Analyzing choice data

Mathis Schulte writes,

We have collected 3 waves of survey data from 80 teams of approximately 12 people each. Each team has a formally designated leader. At Time 3, we asked an open ended question: “If you had to choose one member from your team (not including yourself) to be your team’s new leader, who would you choose? Please write this person’s first and last name in the space below.”

We regard this as a measure of emergent leadership and want to predict the number of ‘votes’ (or nominations) a person receives from his/her team members with predictors at multiple levels (characteristics of voter, votee, and team). But clearly, there’s negative interdependence among the team members’ votes (i.e., the more votes one team member gets, the fewer votes other team members can get).

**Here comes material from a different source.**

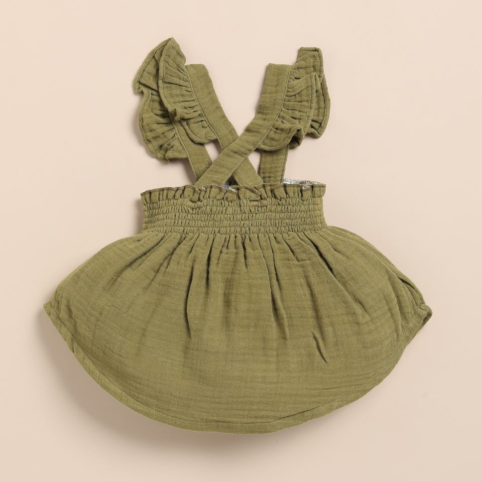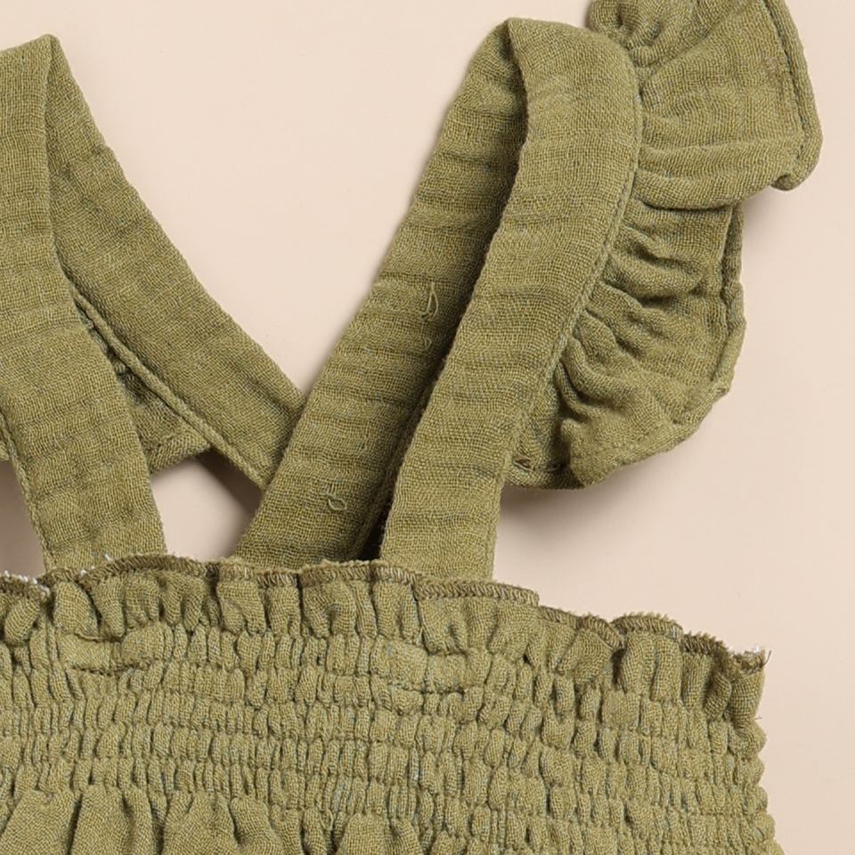เสื้อแขนกุดผ้ามัสลินออแกนิกสำหรับเด็กทารกเสื้อทรงหลวมสีมะกอก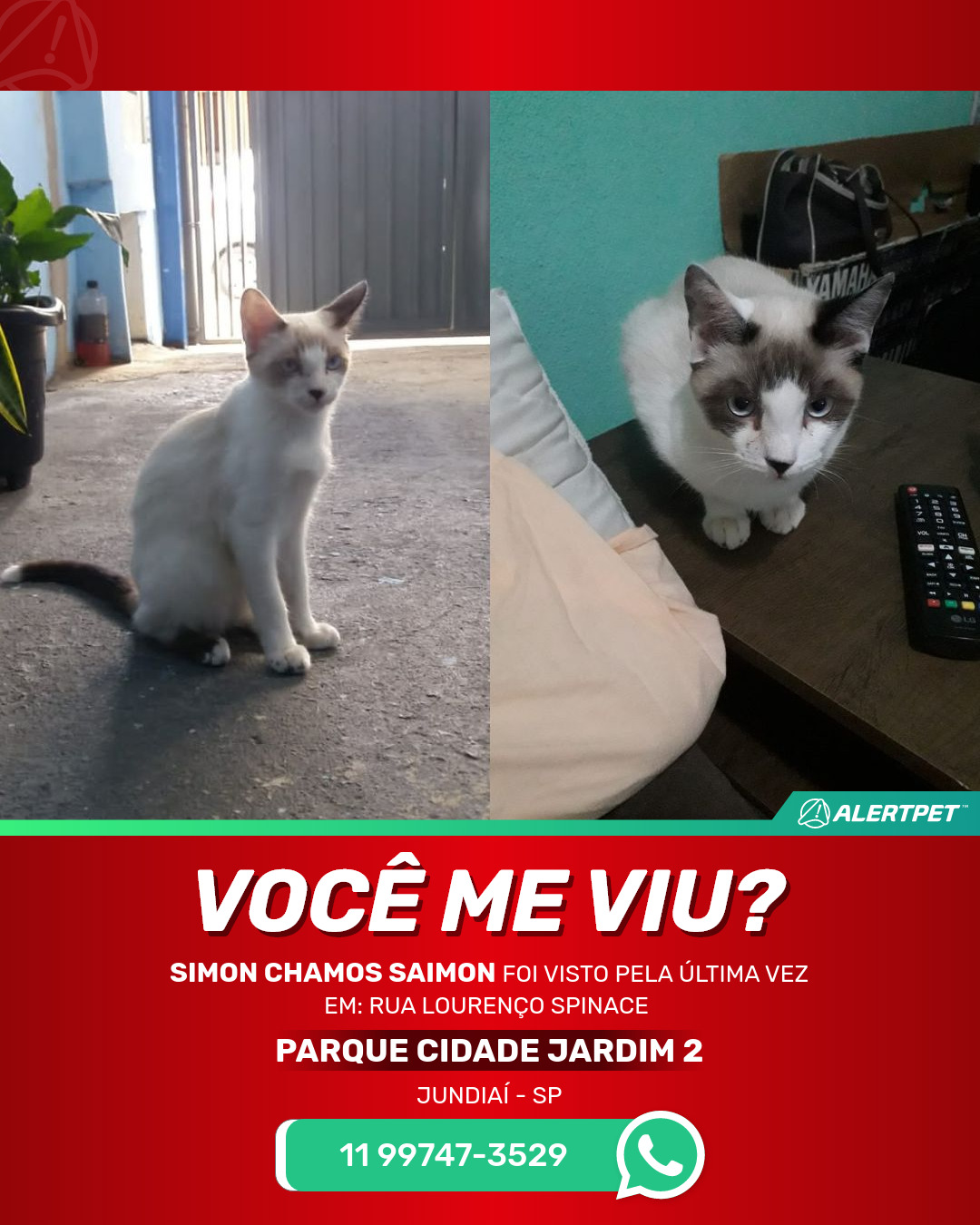 #AlertPet #Procurase #GatoDesaparecido #Jundiai #ProcuramosSimonChamosSaimon

What can we do to use ‘votes’ as our DV?

That’s a good question. My first thought is that 12 is enough people in a group that you can pretty much ignore the correlation and just do the analysis. Strictly speaking, it’s an unordered multinomial outcome, and there are models for these, but maybe it’s simplest to start with something like a logistic regression predicting the probabilty that person i picks person j. If you model #votes as an outcome, I’d be sure to use an overdispersed model (rather than a straight binomial or Poisson). You also might want to use jackknife or bootstrap (on the 80 groups) to get standard errors.

The problem is so open-ended, though, that I expect there are a lot of good solutions that you’d only think of after playing with the data.